The probe was launched following the publication Monday of an investigative report by Southern Metropolis, a state-run daily newspaper in Guangdong.

The report said the children were 'sold like cabbages' by their parents to gangs who then sold them off to employment agencies or directly to factories hundreds of kilometres from their homes.

Most of the children were from Liangshan, a poor farming town in southwestern Sichuan province, and ended up working in factories in Guangdong's Dongguan city as well as Shenzhen and Huizhou, the report said.

The official China Daily newspaper on Wednesday quoted Dongguan spokesman Wang Yongquan as saying that the city's 'labour enforcement and trade union will investigate all companies in the town, the labor market and agencies'.

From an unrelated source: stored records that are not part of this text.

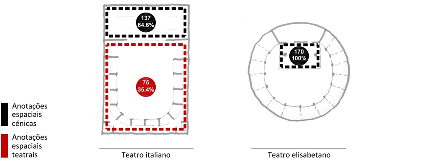 Desta forma, confirma-se através desta quantificação dos paratextos que o texto dramático influencia a arquitetura teatral e, da mesma forma, é possível afirmar quantitativa e qualitativamente que os autores, neste caso Shakespeare e Pirandello, tinham consciência das possibilidades e limitações dos seus espaços dramáticos síncronos convencionais, condicionando as ações e a representação das suas obras desde o momento da criação literária.
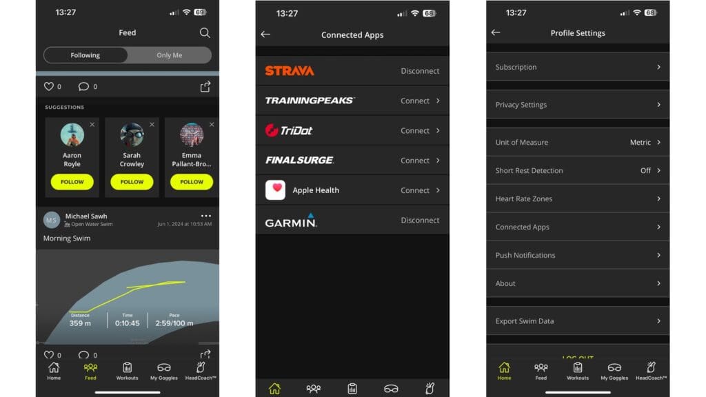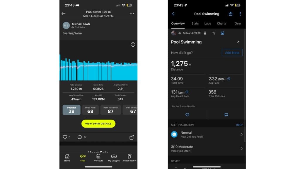 When the Form goggles first launched, the companion smartphone app was focused on showing you your stats, letting you see other user’s latest swims, and letting you adjust goggle settings.
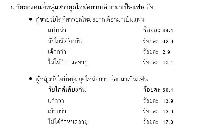 สาวๆ ยุคใหม่ร้อยละ 44.1 ระบุว่าอยากมีแฟนอายุมากกว่า ขณะที่หนุ่มๆ ส่วนใหญ่ร้อยละ 56.1 อยากมีแฟนอยู่ในวัยเดียวกัน และคิดเห็นเหมือนกันว่าอยากมีแฟนเป็นนักธุรกิจ /เจ้าของกิจการ
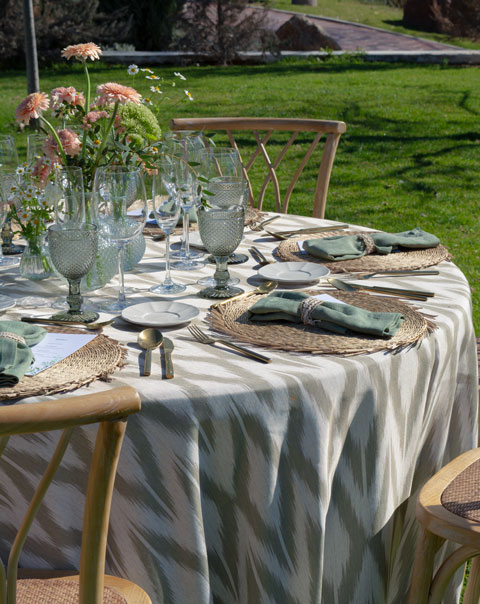 Dale un toque de frescura y sofisticación a tu mesa con el Mantel Ikat Arena, un diseño que celebra la riqueza cultural y la belleza de los estampados tradicionales Ikat. Este patrón geométrico, caracterizado por su efecto desenfocado y simétrico, evoca la artesanía textil ancestral de culturas asiáticas y latinoamericanas, ahora reinterpretado en tonos verdes vibrantes sobre un fondo claro perfecto para combinar con una amplia gama de sillas.
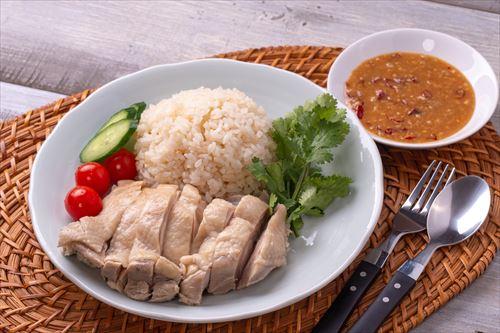 カオマンガイとは、海南鶏飯とも呼ばれる料理でシンガポールチキンライスという別名にもある通り、シンガポールやタイ、マレーシアなどで、食べられている料理だ。鶏肉と米を一緒に炊きあげる、または鶏は別で茹で、そのスープで米を炊きあげるといい。チリソースやオイスターソースなどをつけながら食べるのが一般的だ。ナンプラーが使われるのは、ごはんにつける下味のような役割。代用としておすすめなのは、前述の別の魚醤。どうしても臭みが苦手という場合は、醤油、少量のオイスターソースもいいだろう。
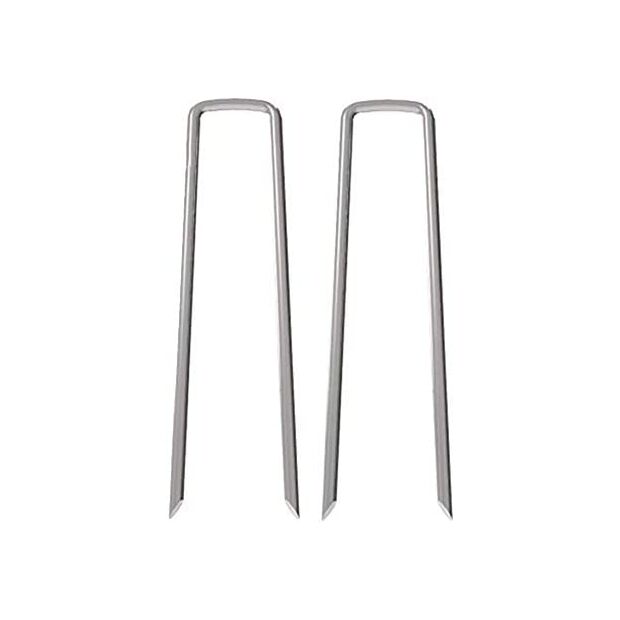 Pack of 10 artificial turf galvanised U pins with bevelled ends for easy insertion into the groundSize: 15cm x 3cm x 0.3cm (150mm x 30mm x 3mm)
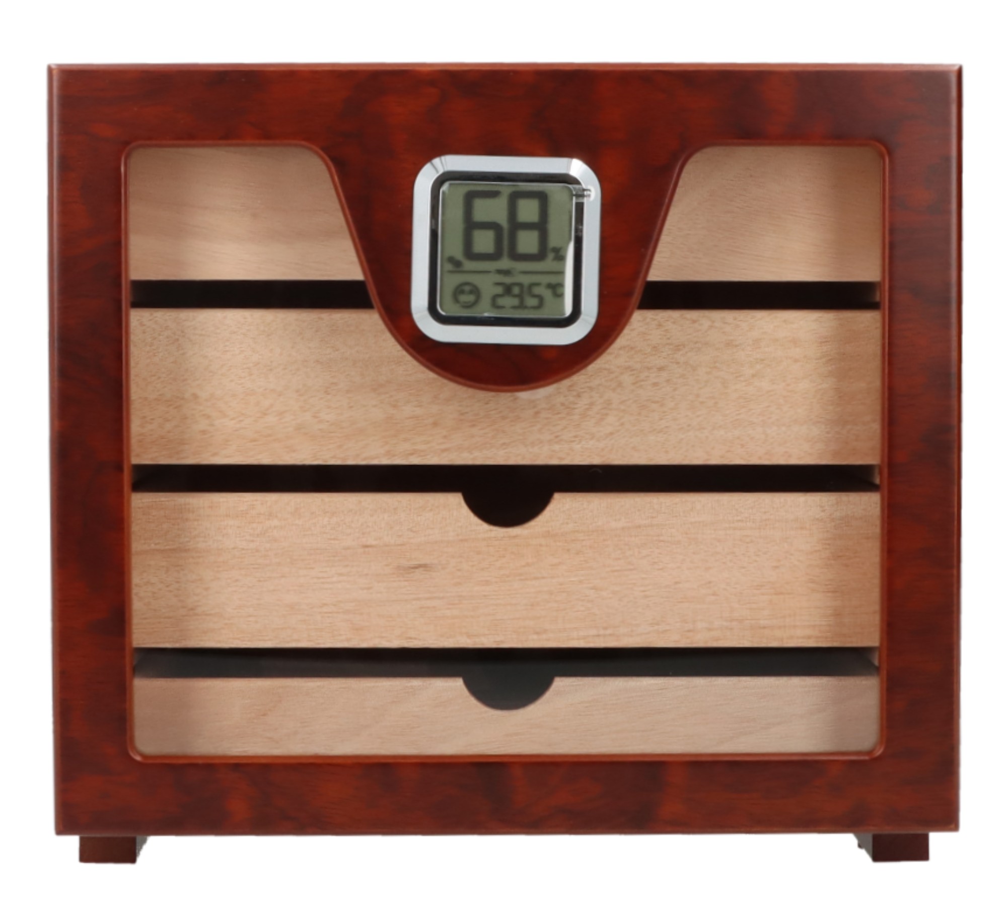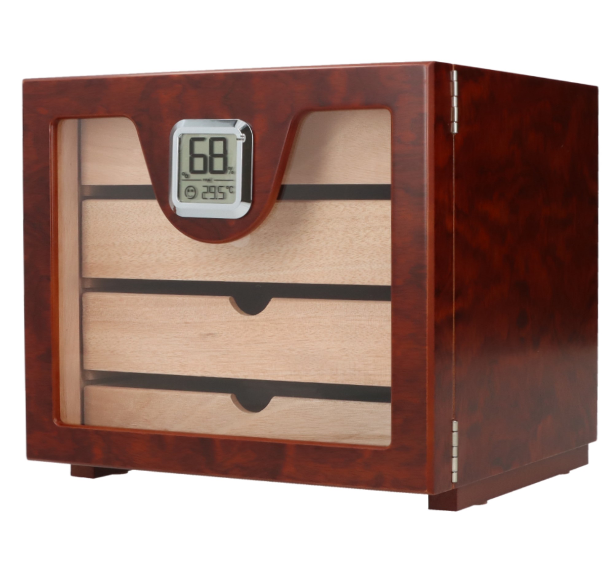 Der Marken-Humidor Angelo Wurzelholz-Design für ca. 55-65 Zigarren (je nach Format) ist ein in Handarbeit hergestellter, dekorativer und klassischer Humidorschrank. Sein außergewöhnliches Design in Wurzelholz ist bei Zigarrenliebhaber immer sehr beliebt. Außerdem besitzt er abgerundete Ecken und ein Außen-Digitalhygrometer (Luftfeuchtigkeitsmesser). Dieser Humidorschrank besticht durch für seine Preisklasse hervorragende Verarbeitung mit einer hochwertige Sandwichbauweise und der Verwendung von bewährten, hochwertigen Materialien. Mit diesem Humidor hohlen Sie sich ein wenig Zigarrenflair ins Wohnzimmer, Büro oder in Ihre Bar.Die Größe eignet sich für mittelgroße Zigarrensammlungen oder auch als Zweithumidor. Der Humidorschrank hat 4 Schubladen, die untere Schublade ist für den Befeuchter vorgesehen.

He told the newspaper that police had already rescued more than 100 youngsters from rented houses and arrested several people.

The official Xinhua News Agency said on Thursday the Dongguan government had investigated more than 3,000 companies involving 450,000 individuals in the city, but found that only a handful of small companies and workshops had hired temporary workers who might have been children.

'The government has a very clear cut attitude towards the illegal use of child laborers, and we will resolutely crack down on it. When we find one child laborer, that business will be investigated,' Ms Li Xiaomei, deputy mayor of Donguan City, was quoted as saying.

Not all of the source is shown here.